As a culture feed for rotifers, yeasts have been used so far because they are suitable for large-scale culture.
Rotifers cultivated with yeast have a low feed effect on juvenile larvae, and in order to improve them, secondary culture with marine chlorella or culture with combined feeding of marine chlorella and yeast has been performed in recent years.

The nutritional value of rotifers as feed for larvae and larvae, especially marine fish, is that of ω3 highly unsaturated fatty acids such as eicosapentaenoic acid (hereinafter referred to as EPA), which is an essential fatty acid, and docosahexaenoic acid (hereinafter referred to as DHA). It depends on the content. It is said that the EFA content of rotifer is greatly influenced by the fatty acid composition of the culture feed.

It is known that marine chlorella has a high EPA content of 20 to 30% in total fatty acids, and the EPA content of rotifers using it as a culture feed is also 20% or more, thus improving the nutritional value. However, for these, DHA
Is hardly included (Bulletin of Japanese Soc
society of Scientific Fisheries 45 (7) p883-8
89, Oil Chemistry 31 (2) p77-90).

[0006] Recently, it has been reported that red sea bream and striped horse mackerel have higher effects as essential fatty acids on larvae of marine fish than on EPA (Abstracts of the Spring Meeting of the Fisheries Society of Japan in 1989). Collection p39, Collection of Abstracts of Spring Meeting of the Fisheries Society of Japan in 1990 p
44). From this, it is expected that if DHA can be included in the feed, the nutritional value will be higher than that currently used, leading to an improvement in the yield and vitality of marine fish seedling production.

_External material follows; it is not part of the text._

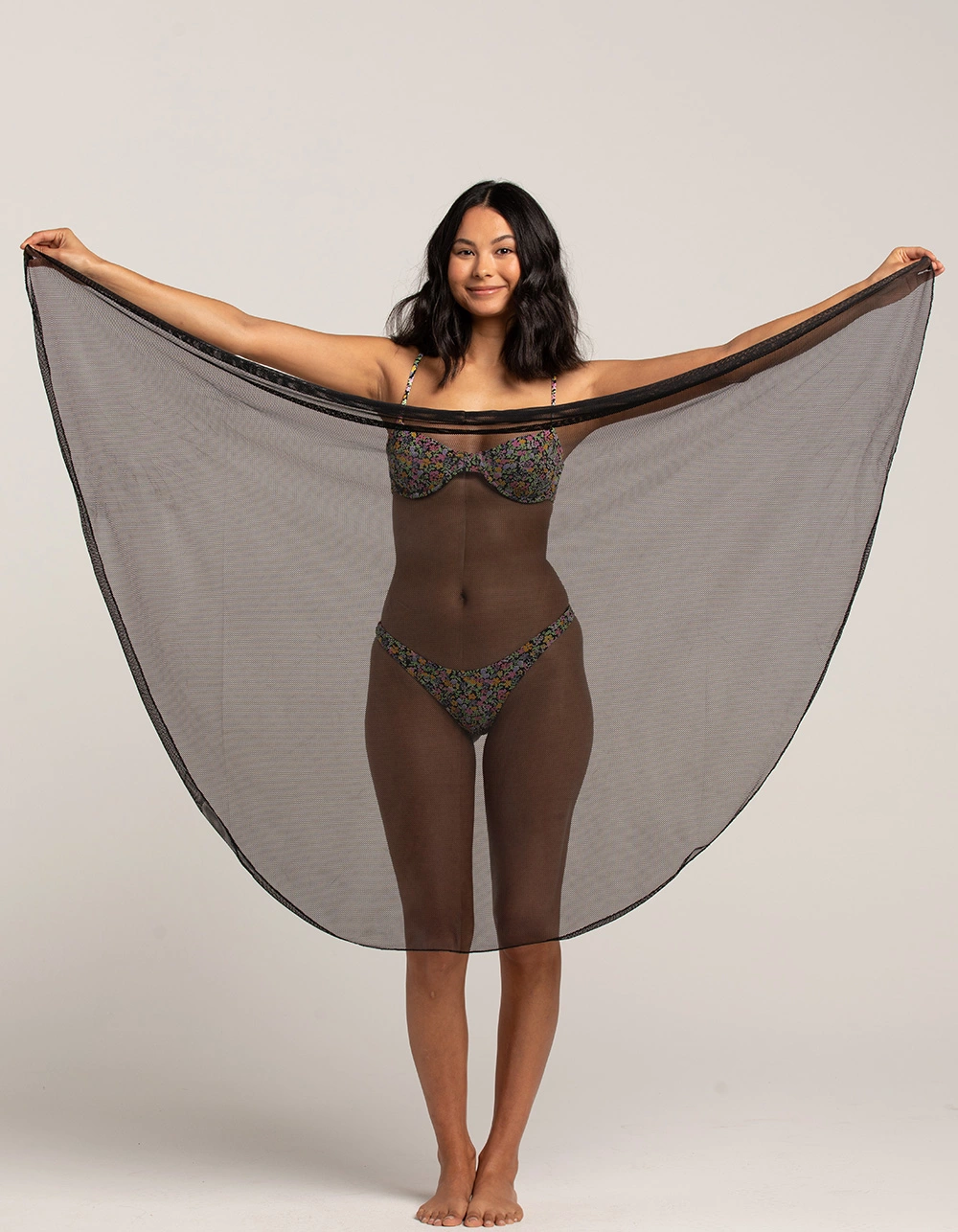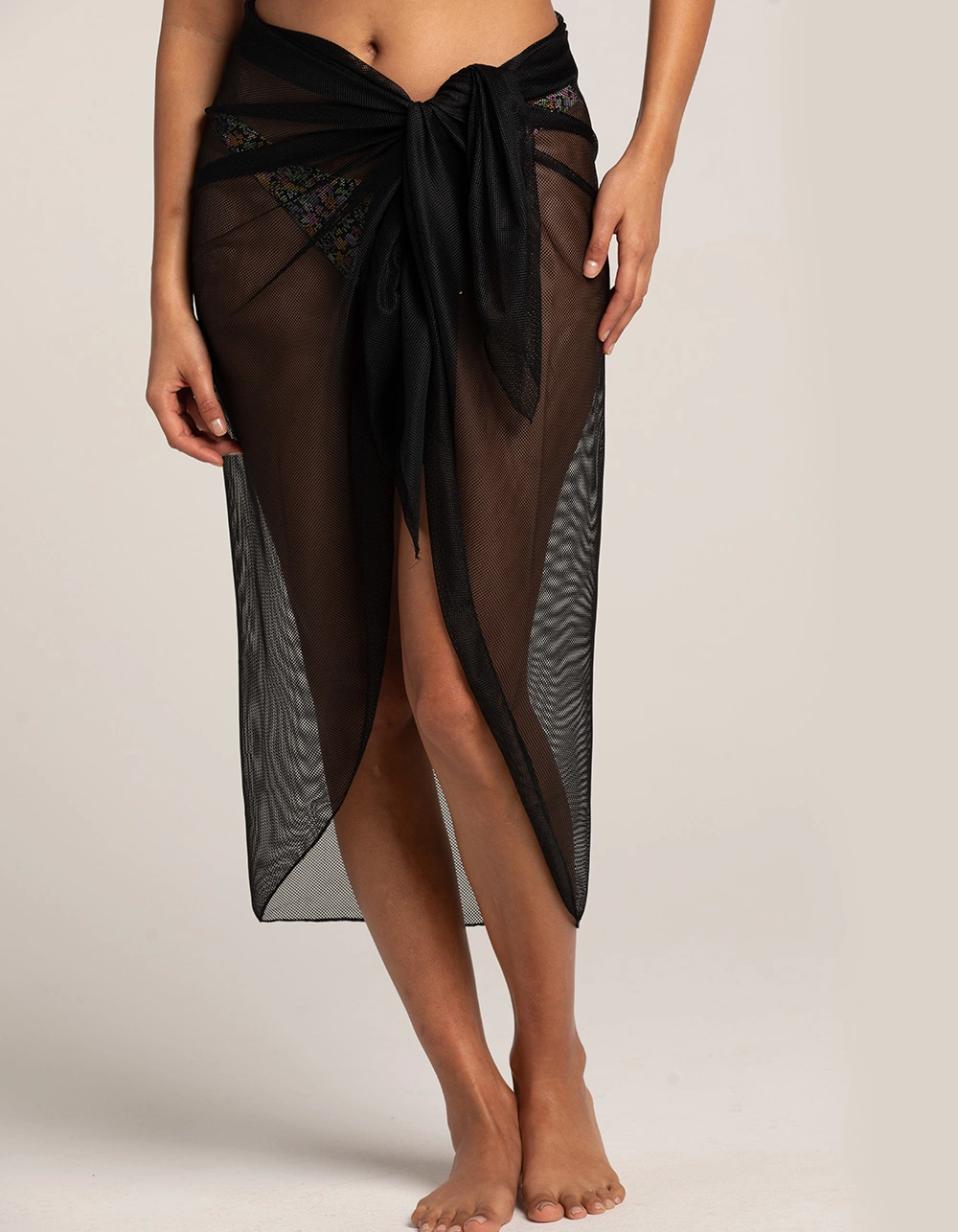 Mesh Sarong. A versatile staple for the summer. Mesh material. 100% Polyester. Machine wash. Imported.

As a method for improving the nutritional value of rotifers currently used, it is conceivable to use fish oil using DHA or its methyl ester, or oleaginous yeast in which DHA is incorporated into yeast as a culture feed. Also, there are drawbacks such as the rotifer culture seawater being easily contaminated and the rotifer's mortality rate being high, which is not preferable.

[0008]

DISCLOSURE OF THE INVENTION The object of the present invention is to train zooplankton as a feed having a higher nutritional value than the conventional feed for larvae of larvae and containing DHA which is an essential fatty acid of marine fish. The present invention is to provide a feed for zooplankton which is free from the above problems.

[0009]

[Means for Solving the Problems] The inventors of the present invention conducted a search for algae to achieve the above-mentioned object, and found that Isochrysis
The present invention has been completed by finding that some algae belonging to the genus have a remarkable DHA content and that the algae can be used as a feed for zooplankton.

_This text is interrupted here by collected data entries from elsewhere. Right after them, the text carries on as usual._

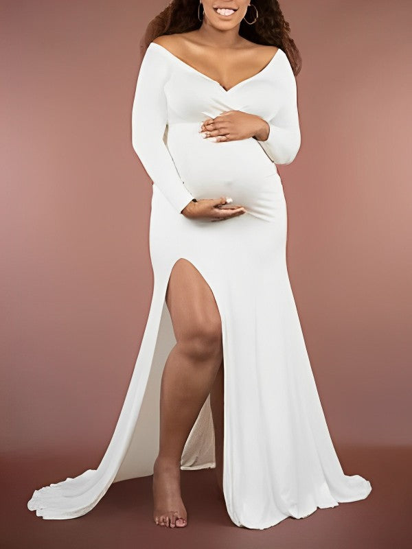 Features: Long Sleeve, V Neckline, Off the Shoulder, Slim Fit, Floor Length, White. Off the shoulder design shows your lines of collarbones and shoulders, Slim fit gown with a long train outlines your perfect shape & adorable mama's baby bump effortlessly; One Side Slit design shows your legs, make you look more attractive and charming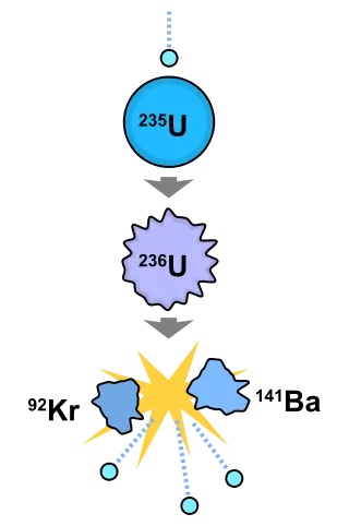 ¿Qué es lo que hace que un núcleo fisione, es decir, se rompa? No gran cosa. Ocurre constantemente en la naturaleza, por simple probabilidad cuántica o cualquier estímulo exterior. Los núcleos grandes e inestables tienden a romperse y, según una determinada probabilidad, lo hacen a todas horas. Por ejemplo, la mayor parte del uranio existente en la naturaleza ha fisionado ya a lo largo de los últimos miles de millones de años, y por eso es tan raro en la actualidad. Esto se llama fisión espontánea, y va ocurriendo a su ritmo. En la imagen de la derecha, un núcleo de uranio-235 absorbe un neutrón, se convierte en uranio-236 altamente inestable y fisiona en dos elementos nuevos, kriptón-92 y bario-141 (sí, como en la transmutación de los alquimistas). Al hacerlo, libera varios neutrones más y una cantidad importante de energía en forma de radiación.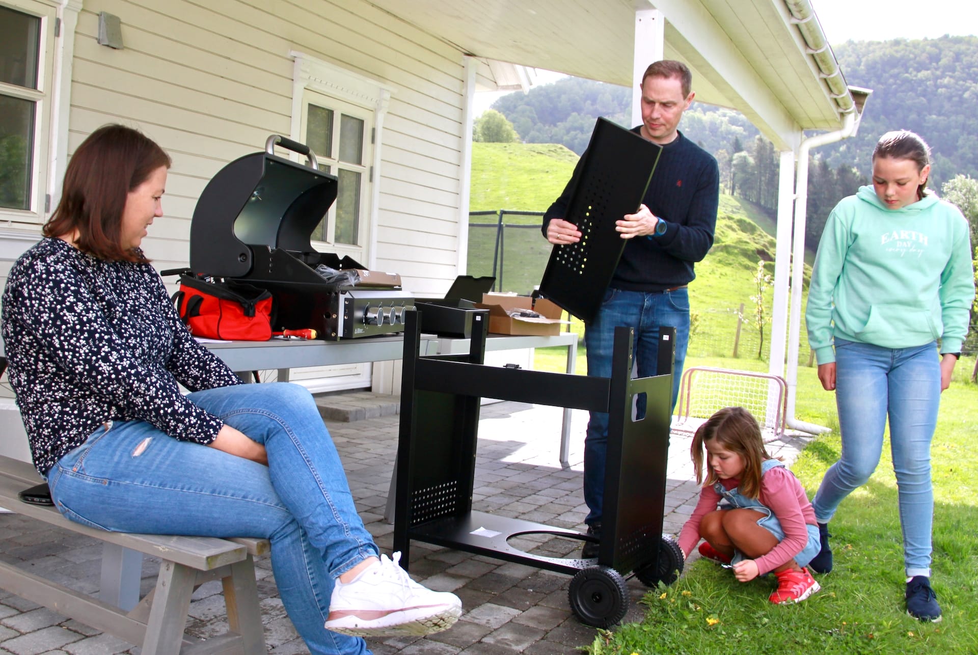 LOKALHANDEL: Anders er opptatt av å handla lokalt. Denne nye gassgrillen har han kjøpt på BondeKompaniet Årdal, og i dag passar det godt å skru saman dei siste delane, før familien skal grilla lokalprodusert grillribbe. (Foto: Morten Hetland)

That is, the present invention relates to a feed for zooplankton using a single cell alga containing DHA as a raw material.

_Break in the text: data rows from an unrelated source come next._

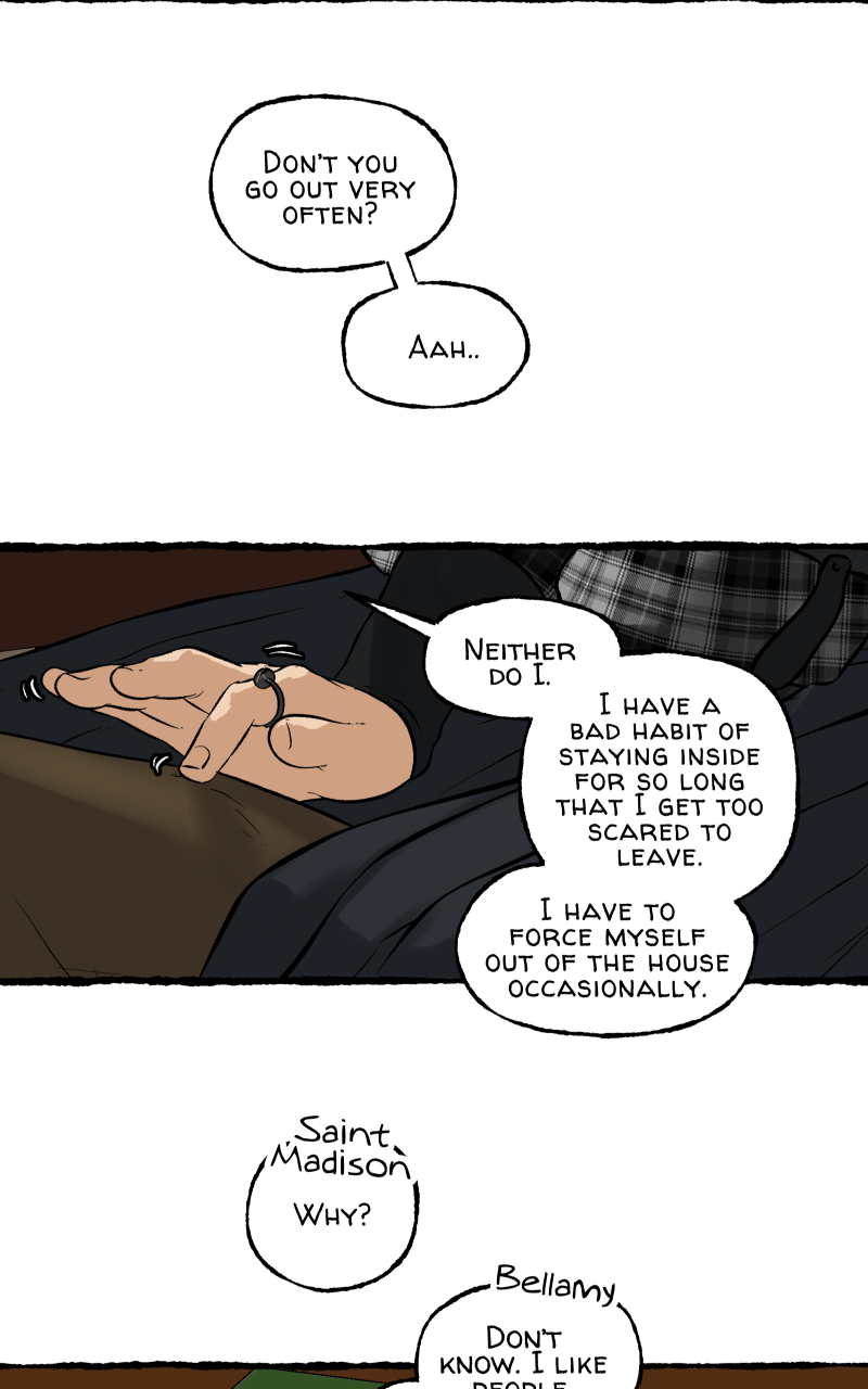 Depictions of mental health conditions, drugs and alcohol. Explicit scenes are on Patreon.
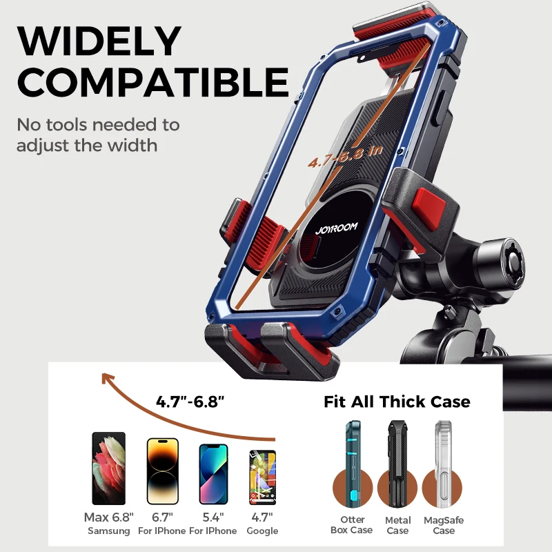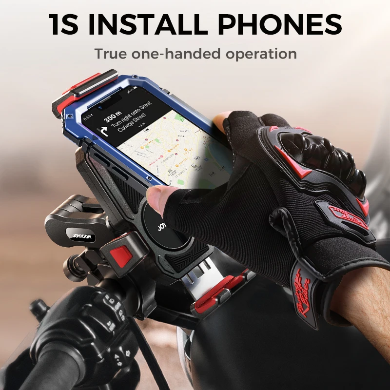 3.[Brazo de sujeción de liberación 1S]Soporte para teléfono de bicicleta JOYROOM con brazo de abrazadera de engranaje mecánico, 1 segundo puede liberar el brazo de abrazadera, adecuado para cualquier tamaño de teléfono celular.Y no es necesario utilizar herramientas para ajustar el ancho del brazo de sujeción.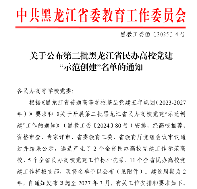 近日,黑龙江省委教育工委公布全省第二批民办高校党建“示范创建”评审结果,我校建筑管理工程系工程管理专业学生党支部获批党建工作“样板支部”培育创建单位。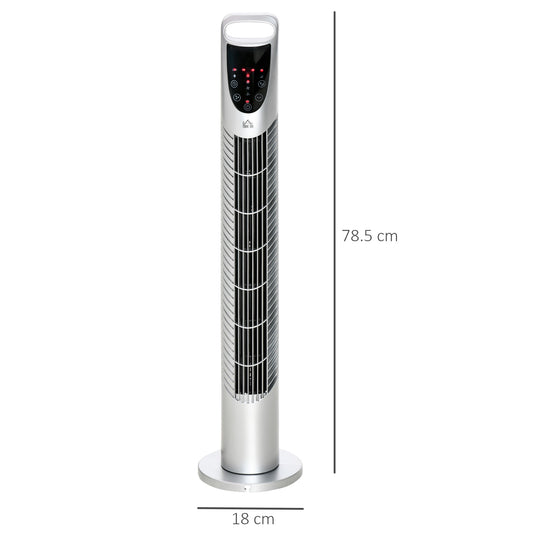 HOMCOM Tower Fan Oscillating 3 Speeds 3 Winds 40W with Remote Control Timer Moving Head Quiet Operation Home Office Bedroom Silver - 78.5H cm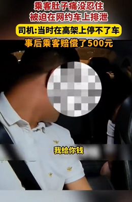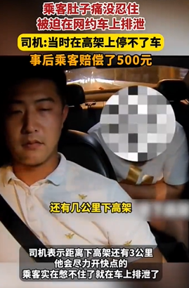 6月12日,上海有一名网约车司机发布了一则视频,当时他接了一位乘客去往目的地。上车五六分钟后,乘客感到肚子不舒服有点拉肚子。司机表示当时在高架上行驶,停不了车,想不到乘客竟然直接在车内排泄。司机称,由于乘客非主观故意,最后赔偿了500元,乘客下车后就去洗车了。

The unicellular alga used in the present invention is a seawater containing DHA, for example, as belonging to Haptophyta, Haptophyta, Isochrysis, Isochrysis, Isochrysis sp., Isochrysis sp. Isochrysis galbana) and so on. These are the Culture Collection of Algaeand Pro
tozoa (UK, abbreviation: CCAP), Culture Collection
It is easily available from algae research institutes such as of Algae at the University of Texas at Austin (USA, abbreviation: UTEX). That is, CCAP as Isochrysis sp
927/12, CCAP927 / 14, UTEX LB
1292, UTEX2307, etc., Isochrysis g
As albana, CCAP927 / 1, UTEX LB9
There are 87 etc. These algae are generally 1
It contains 0 to 50% by weight of lipid and the DHA content in the total fatty acids is 1 to 50% by weight.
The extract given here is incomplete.